Литмир - Электронная Библиотека

… Не тужи, монасе, это бездельная жизнь, скоро свалившись на тебя, иссушает деятельную душу, но квасит утробу, и вместо елея и нарда истекает из нее возгря и жидь.

* * *

… Ну и тяжел же, однако, дух чернцов, когда всунуты они в одну груду в общежительную келью. На трех лавках больничной каморы, что уступил по приезде архимандрит Иосиф, опочнули по старцу, да на конике у порога, подоткнув под загривок валяный опорок-басовик, согнулся корчужкою молодой инок Флавиан, что у Никона в служках: ему, бедному, и ног негде растянуть. Да у единственного оконца в половину листа, головою к образам, лежит Никон, подсунув под бок рогозницу.

Флавиан спит вполглаза; ино всхрапнет шумно, с переливом, и тут же, опомнясь, вскинет лохматую голову, с испугом озирая сумеречную келью: де, не разбудил ли кого?! И всякий раз подымется с коника и, украдчиво ступая к двери вроде бы на одних пальцах, наведет, однако, столько шуму и гряку, что и мертвого подымет: то в ободверину обойдется головою, набьет шишку, то ночную лохань поддаст ногою, то о порог запнется, такой бабьяк. Никону видно из переднего угла, как зачерпывает Флавиан корчиком воду из ушата и пьет, запрокинув голову, гулко, словно стеклянные шары в утробе катает, и вновь крадется назад в житье, подозрительно скосясь на Никона: де, не нарушил ли покой святителя? не встряхнул ли родимого до ненастной грозы? И так в недолгую ночь раз десять запозывает Флавиана к питью, словно соленого абы гораздо переперченного объелся монах, и сейчас заливает нутряной пожар.

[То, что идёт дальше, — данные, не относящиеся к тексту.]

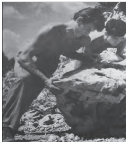
Radnik na pruži

problem, omladina u problemu) i da je nerijetko izazivala moralnu paniku , osnaženu strahom od amerikanizacije društva, nereda i ljenstvovanja, rušenja tradicionalnih vrijednosti i tabua (Hebdiđ, 1980). Po Hebdiđu, mladi ljudi na sebe skreću pažnju onoga trenutka kad pređu granice dozvoljene za igru sa moći koja im je na raspolaganju i kad predstavljaju prijetnju sistemu. Politika mladih je politika gesta, simbola i metafore, funkcioniše kroz znakove i semiotički otpor dominantnom poretku, a tako nešto među crnogorskom omladinom za vrijeme socijalizma sasvim je izostalo.
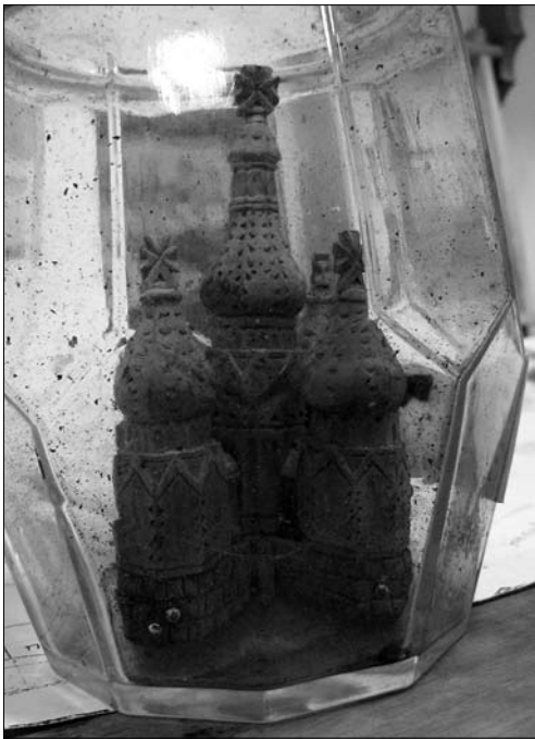
Іл. 8. Модель дерев'яної церкви в карафі. Василь Турчиняк, 1900—1939 рр. Краєзнавчий музей Делятина.

Кто-нибудь из старцев не стерпит, взбулгачится, крикнет впотемень: «Уймися же, наконец, пустой человек! Дашь ты людям спать? Что ты бродишь, как жеребец в стойле, леший тебя забери. Ляг и лежи, пока жив». «Мертвыма належимся», – хочется возразить Флавиану, но он лишь вздыхает виновато, молча укладываясь на рундуке. И Никон чувствует, как невольная улыбка раздирает ему рот. Ах ты, Боже, прости и помилуй! И сам ведь сколько раз порывался поучить Флавиана, отстегать четками середка ночи, но тут же и давал себе укорот: де, смирись, сердешный, то сам Господь насылает тебе видимых страстей. Ежли от одной лишь крохотной человеческой слабости впадаешь в осердку, не можешь перетерпеть, так и ложись заживо в гроб и закрывайся крышицей. Но и духу не хватает сердце точить на инока, как представишь васильковой голубизны глаза, пшеничный непокорный чуб, светлые короткие бровки беличьими кисточками и нос тяпушкою. Своей простодушностью и младенческой доверчивостью вроде бы навсегда застрял Флавиан в юных годах, так и не выпав из детства. Про таких говорят: простодыра, туфак соломенный, святая простота, для всякого доброго слова открыт; а простота да чистота – половина спасенья… Шушера-келейщик эким же был…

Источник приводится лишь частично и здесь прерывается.